Faisons une suggestion : cet incomparable foisonnement se résout au sein de l’alto, étrange instrument à la sonorité bâtarde pour les uns, mystérieuse pour les autres. Quoi qu’il en soit, tous les grands compositeurs du xxe siècle ont approché ce canard boiteux. Certes Berlioz, en plein xixe siècle, s’y était déjà frotté, mais le violoncelle fut largement privilégié par les romantiques. Ce n’est que progressivement que l’alto s’est imposé à part entière : Brahms, Dvorak et Debussy. Le répertoire est maintenant riche d’œuvres sublimes de Berio, Britten, Chostakovitch, Honegger, Ligeti, cinq musiciens qui ont échappé aux modes de leur temps pour se soucier uniquement de leur propre univers.

Il faudrait en rajouter un sixième : Ernest Bloch. Abstrait de son époque, il ne semble apparenté à aucun de ses contemporains ; sa sensibilité le poussait vers la musique de chambre. Sa Suite pour alto et piano (1919) a constitué un jalon important pour la reconnaissance de cet instrument. Elle est surtout caractéristique de l’inspiration de ce compositeur profondément européen mais exilé aux Etats-Unis ; celui-ci a constamment exprimé ses racines hébraïques à travers des mélodies aux intonations nettement identifiables. Si cette Suite veut tout d’abord évoquer des atmosphères plus ou moins orientales (Chine, Java, Sumatra), elle se présente aussi comme le récit d’un monde de chimères, d’une terre espérée et rêvée mais définitivement perdue. En complément de programme, ce sont de véritables découvertes et résurrections auxquelles nous convie l’altiste allemande Tabea Zimmermann.

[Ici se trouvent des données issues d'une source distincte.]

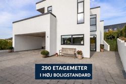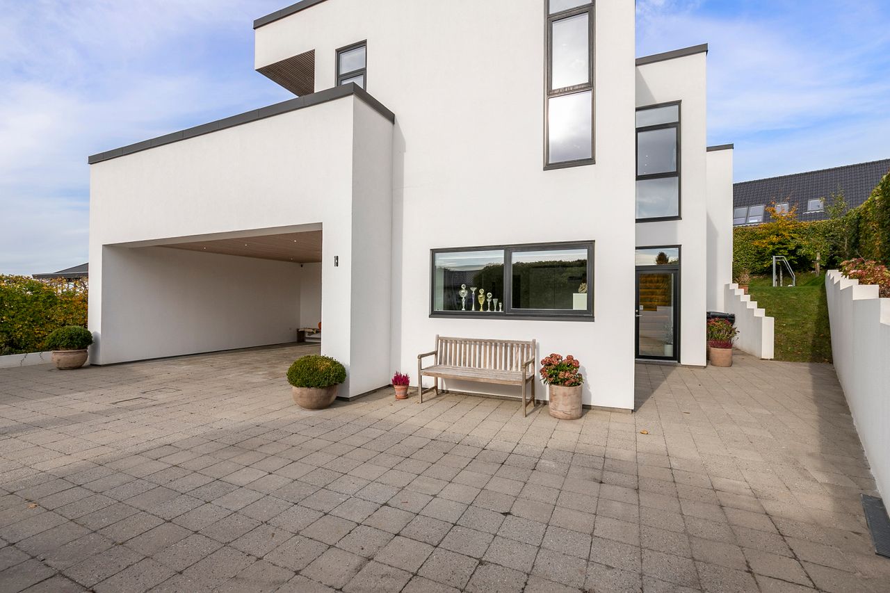 Den arkitekttegnede funkisvilla stod indflytningsklar i 2017. Villaen rummer alt, hvad hjertet kan begære, og ejendommen er opført i meget høj kvalitet. Her er ingen kompromiser, hverken hvad angår indretning eller materialevalg. Alt er gennemtænkt og kræset for ned til mindste detalje, og ejendommen er meget energivenlig med masser af naturligt lys på alle etager. Der er naturligvis gulvvarme og ventilationsanlæg i alle rum, og en rød tråd går igennem både inventar og design. Udvendigt er haven velanlagt og optimeret i forhold til solens stråler, og der er et separat udhus integreret i boligen mod øst. Desuden er der etableret flotte støttemure og flisebelægning rundt om grunden, og hækken har nu nået en højde, der sikrer fuld privatliv.

On ne connaît à ce jour que très peu la musique des compositeurs juifs russes. Rassemblés autour de Mikhaïl Gnessine et Alexander Weprik dans la Société de Musique juive de Moscou, ces musiciens sont les hérauts silencieux de la violence et de la terreur politiques ; ils ont subi de plein fouet l’antisémitisme et le système concentrationnaire soviétique. Le destin d’Alexander Weprik est à ce titre exemplaire. Né en Ukraine en 1889, joué par Toscanini, il mourut quelques semaines après sa sortie du goulag en 1958 où il était réduit à composer pour l’orchestre du camp des airs de balalaïkas. Grigori Gimburg et Alexander Krejn se fondirent mieux dans le moule soviétique en reniant leur judaïsme pour s’investir complètement dans la musique de film. Cependant leurs œuvres pour alto expriment à la perfection leur identité profonde.

Tabea Zimmermann est ici accompagnée du pianiste juif russe Jascha Nemtsov. Cet enregistrement est le fruit d’une série de concerts qu’ont donnée les deux interprètes en Allemagne. On ne pouvait rêver meilleure association. L’altiste déploie un jeu aussi noble que libre, n’hésitant pas à jouer avec un large rubato. Il n’en ressort pourtant aucun effet facile, aucun maniérisme. Les phrases sont conduites et portées par un son dense et ample, toujours en parfaite symbiose avec le jeu subtil et recherché du pianiste. Ils forment un couple aussi émouvant que fier. Ils parviennent à extraire toutes les qualités proprement musicales du texte ; l’harmonie libre, le rythme souple et inventif, l’exploitation du timbre unique de l’alto, autant de paramètres qui éclaboussent l’auditeur de leur évidence. On méditera longtemps sur le choix par ces compositeurs-victimes de la saveur ambiguè de la sonorité de l’alto.

Tabea Zimmermann (alto), Jascha Nemtsov (piano). 6 et 7 octobre 1999 à Stuttgart.